Article-How prioritising mental health support can lead to a better work environment

Canva mental health.jpg
Investing in mental health is not just about reducing employee turnover. It is about fostering a holistic, supportive environment.

The challenges of modern life can be overwhelming, from financial burdens to the daily struggles of managing work and family. And for many of us, our jobs present their own unique challenges and pressures, from prolonged hours to overwhelming amounts of work and tight deadlines. All of these high-pressure situations can often lead to burnout at the workplace. 

In my role at Cigna Healthcare, I have seen the direct and indirect impact of mental health on work culture, productivity, and, ultimately, business success. There is a clear link between the employees’ well-being and an organisation’s overall health. 

Recently, the workplace landscape has dramatically shifted. Our annual 360 Well-being Survey illustrates this changing dynamic, revealing high levels of stress among employees and a profound disconnect between what employees expect from their employers and what they receive. Strikingly, 55 per cent of respondents in the UAE expressed a desire to change jobs – a number that has significantly increased in the past year, compared to a global average of 36 per cent. These findings underscore a pressing need for action. 
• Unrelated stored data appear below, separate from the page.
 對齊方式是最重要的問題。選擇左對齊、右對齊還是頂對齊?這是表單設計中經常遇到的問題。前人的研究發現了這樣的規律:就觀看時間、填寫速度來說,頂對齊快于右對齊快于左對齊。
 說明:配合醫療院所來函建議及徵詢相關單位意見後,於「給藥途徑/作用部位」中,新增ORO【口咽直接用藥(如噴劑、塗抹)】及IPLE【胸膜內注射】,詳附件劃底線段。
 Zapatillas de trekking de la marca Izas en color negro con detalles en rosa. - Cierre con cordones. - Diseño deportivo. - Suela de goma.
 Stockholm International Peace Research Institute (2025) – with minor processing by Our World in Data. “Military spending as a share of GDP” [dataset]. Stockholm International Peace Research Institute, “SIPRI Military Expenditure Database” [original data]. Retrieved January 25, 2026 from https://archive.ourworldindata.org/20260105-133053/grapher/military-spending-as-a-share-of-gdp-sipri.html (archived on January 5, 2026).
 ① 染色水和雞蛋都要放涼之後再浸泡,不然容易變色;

It is especially concerning that Gen Z employees seem to be particularly vulnerable and suffer from poor mental health at the workplace. Again, in our Cigna Healthcare survey, we found that 91 per cent of Gen Z workers, aged 18 to 24, reported feeling stressed, compared to the average of 84 per cent. There are various theories as to why this might be – this is a generation that studied for their degrees in isolation during the pandemic, heightening social anxiety, with precarious economic situations also taking a toll on them.  
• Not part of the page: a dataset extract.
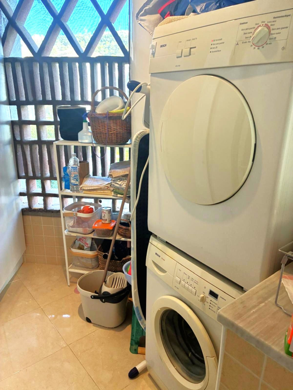 L'appartement est meublé avec une cuisine moderne entièrement équipée et une buanderie.
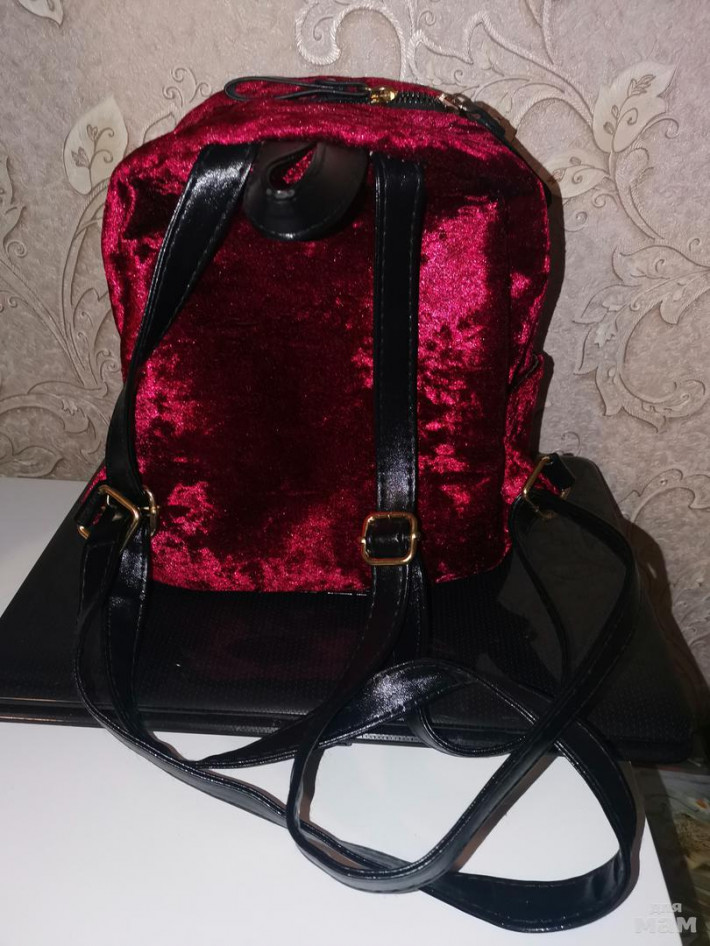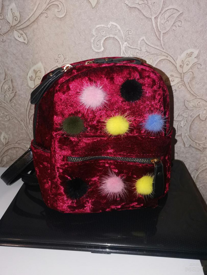 Рюкзачек красивого винного цвета, смотриться богато!!!! За счёт пушинок можно с любым нарядом носить.

Related: Harnessing virtual reality therapy for improved mental health

When placed in high-stress fields like the medical industry, where decisions can literally be a matter of life and death, the impact of such pressure on young professionals becomes even more apparent. This pattern is not limited to one profession alone – as employers, we have a responsibility to address these challenges wherever they appear. 

Internally, we recently launched a campaign called “The 5% Pledge”, urging CEOs, business leaders, and people managers to make a public commitment to set aside 5 per cent of their annual working hours to foster transformation in organisational cultures, proactively address employee well-being, and eliminate stigmas associated with mental health issues. By doing so, we can cultivate a progressive culture and attract top talent. 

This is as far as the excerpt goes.